» **Instructions for the task**:
From the first line to the last, repeat the data exactly but leave out the pictures.

» **Information provided**:
####################
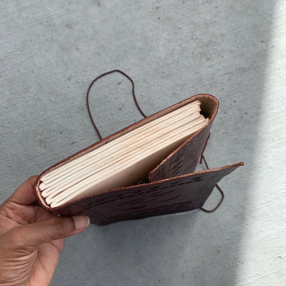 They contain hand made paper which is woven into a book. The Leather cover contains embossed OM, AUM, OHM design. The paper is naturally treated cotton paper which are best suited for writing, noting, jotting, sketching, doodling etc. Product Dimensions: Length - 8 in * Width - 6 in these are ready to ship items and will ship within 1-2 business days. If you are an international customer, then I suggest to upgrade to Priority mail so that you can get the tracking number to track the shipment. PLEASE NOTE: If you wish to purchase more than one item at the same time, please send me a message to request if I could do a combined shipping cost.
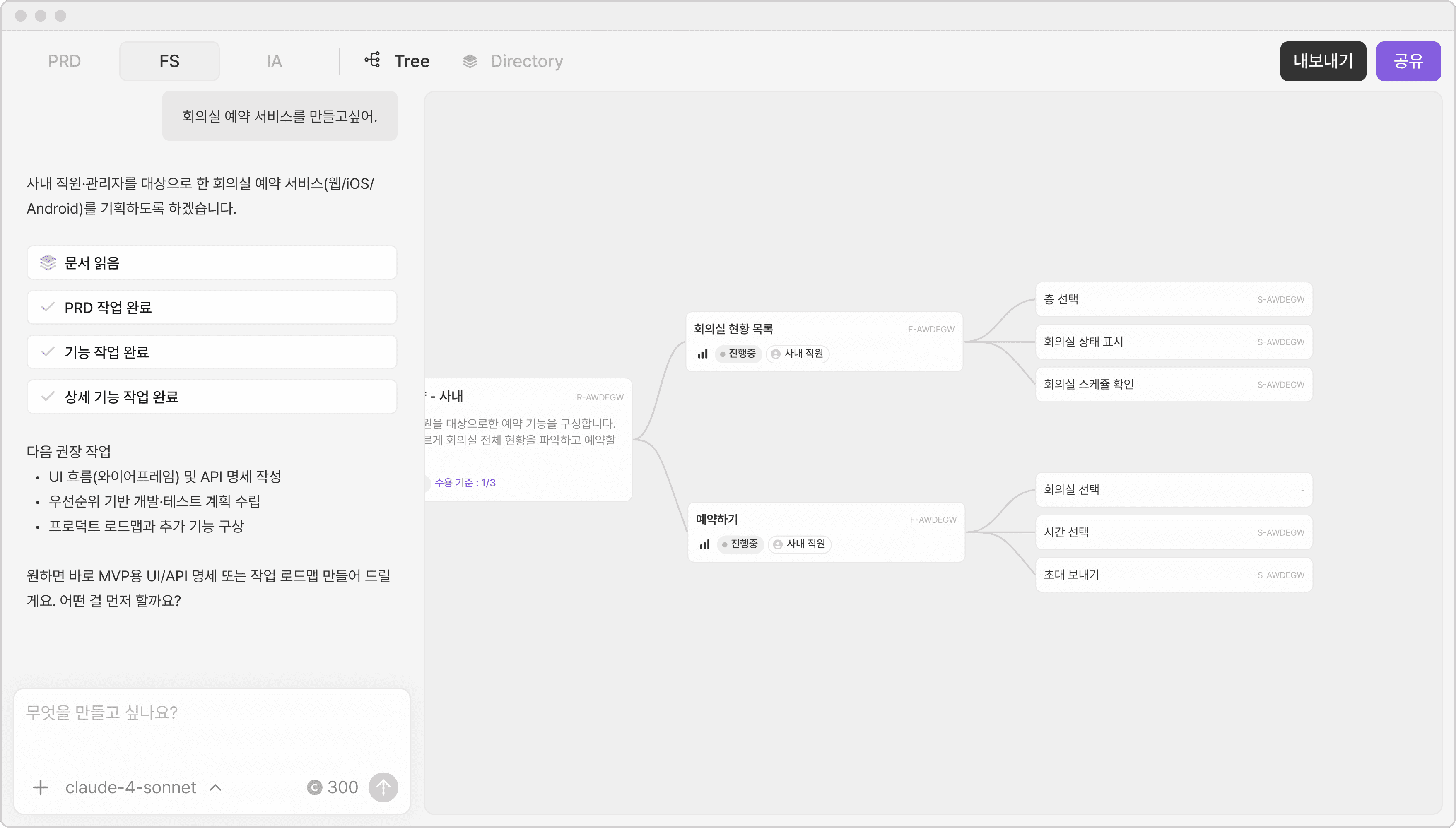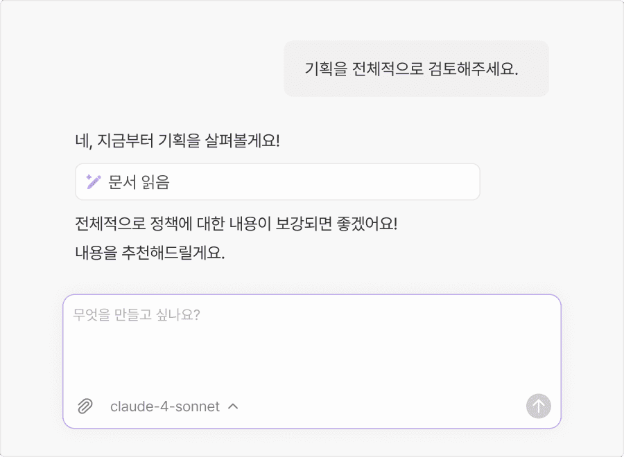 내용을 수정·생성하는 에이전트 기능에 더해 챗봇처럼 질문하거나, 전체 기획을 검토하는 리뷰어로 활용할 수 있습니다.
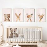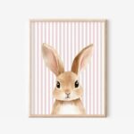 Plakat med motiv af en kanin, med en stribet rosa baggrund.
####################
» **Your solution**:
 They contain hand made paper which is woven into a book. The Leather cover contains embossed OM, AUM, OHM design. The paper is naturally treated cotton paper which are best suited for writing, noting, jotting, sketching, doodling etc. Product Dimensions: Length - 8 in * Width - 6 in these are ready to ship items and will ship within 1-2 business days. If you are an international customer, then I suggest to upgrade to Priority mail so that you can get the tracking number to track the shipment. PLEASE NOTE: If you wish to purchase more than one item at the same time, please send me a message to request if I could do a combined shipping cost.
 내용을 수정·생성하는 에이전트 기능에 더해 챗봇처럼 질문하거나, 전체 기획을 검토하는 리뷰어로 활용할 수 있습니다.
 Plakat med motiv af en kanin, med en stribet rosa baggrund.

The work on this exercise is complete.